_About this task_
Everything in the entries below except the pictures must be returned exactly.

_Source records_
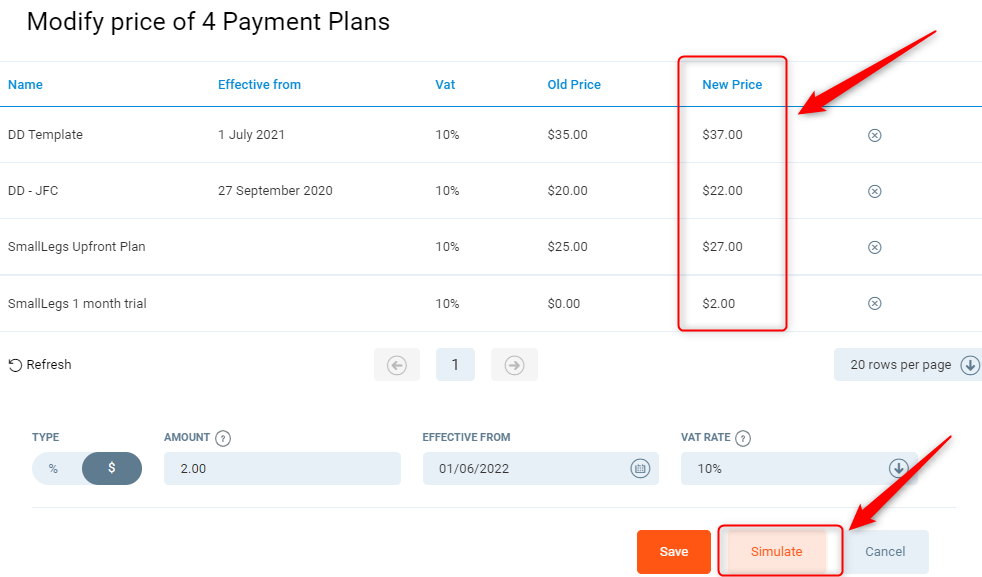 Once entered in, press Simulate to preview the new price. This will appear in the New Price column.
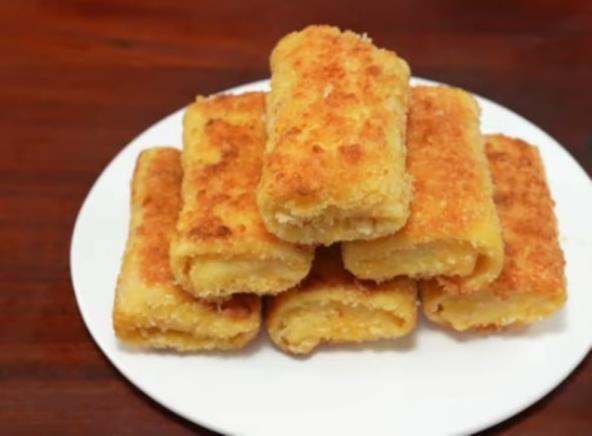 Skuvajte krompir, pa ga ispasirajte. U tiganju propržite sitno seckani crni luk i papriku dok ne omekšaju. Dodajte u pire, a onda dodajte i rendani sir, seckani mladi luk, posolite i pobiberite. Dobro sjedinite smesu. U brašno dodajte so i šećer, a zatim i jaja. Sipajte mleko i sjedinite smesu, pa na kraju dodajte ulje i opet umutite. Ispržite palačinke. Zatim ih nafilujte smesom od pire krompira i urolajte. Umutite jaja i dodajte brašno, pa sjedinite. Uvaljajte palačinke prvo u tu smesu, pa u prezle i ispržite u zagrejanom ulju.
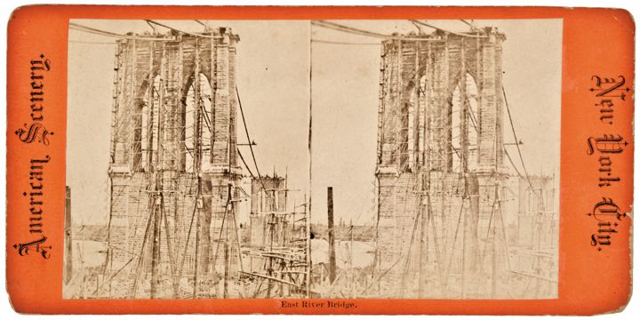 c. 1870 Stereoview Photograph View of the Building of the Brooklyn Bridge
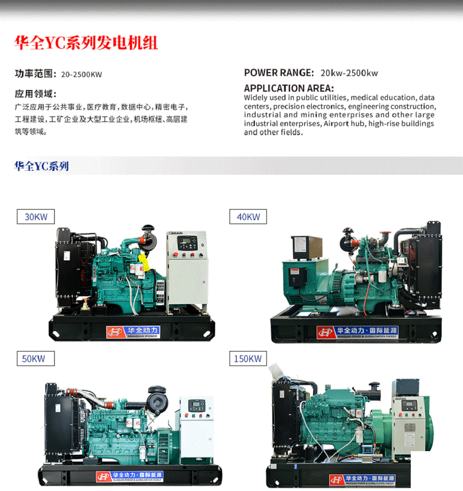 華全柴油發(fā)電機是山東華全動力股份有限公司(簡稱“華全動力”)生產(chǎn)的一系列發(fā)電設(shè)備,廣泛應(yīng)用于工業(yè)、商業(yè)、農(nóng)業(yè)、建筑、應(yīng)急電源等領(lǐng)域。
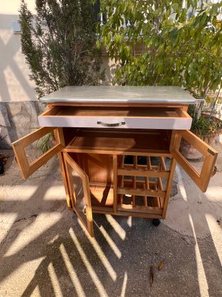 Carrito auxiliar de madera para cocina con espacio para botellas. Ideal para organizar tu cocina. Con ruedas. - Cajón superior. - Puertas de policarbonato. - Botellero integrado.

_Output for this exercise_
 Once entered in, press Simulate to preview the new price. This will appear in the New Price column.
 Skuvajte krompir, pa ga ispasirajte. U tiganju propržite sitno seckani crni luk i papriku dok ne omekšaju. Dodajte u pire, a onda dodajte i rendani sir, seckani mladi luk, posolite i pobiberite. Dobro sjedinite smesu. U brašno dodajte so i šećer, a zatim i jaja. Sipajte mleko i sjedinite smesu, pa na kraju dodajte ulje i opet umutite. Ispržite palačinke. Zatim ih nafilujte smesom od pire krompira i urolajte. Umutite jaja i dodajte brašno, pa sjedinite. Uvaljajte palačinke prvo u tu smesu, pa u prezle i ispržite u zagrejanom ulju.
 c. 1870 Stereoview Photograph View of the Building of the Brooklyn Bridge
 華全柴油發(fā)電機是山東華全動力股份有限公司(簡稱“華全動力”)生產(chǎn)的一系列發(fā)電設(shè)備,廣泛應(yīng)用于工業(yè)、商業(yè)、農(nóng)業(yè)、建筑、應(yīng)急電源等領(lǐng)域。
 Carrito auxiliar de madera para cocina con espacio para botellas. Ideal para organizar tu cocina. Con ruedas. - Cajón superior. - Puertas de policarbonato. - Botellero integrado.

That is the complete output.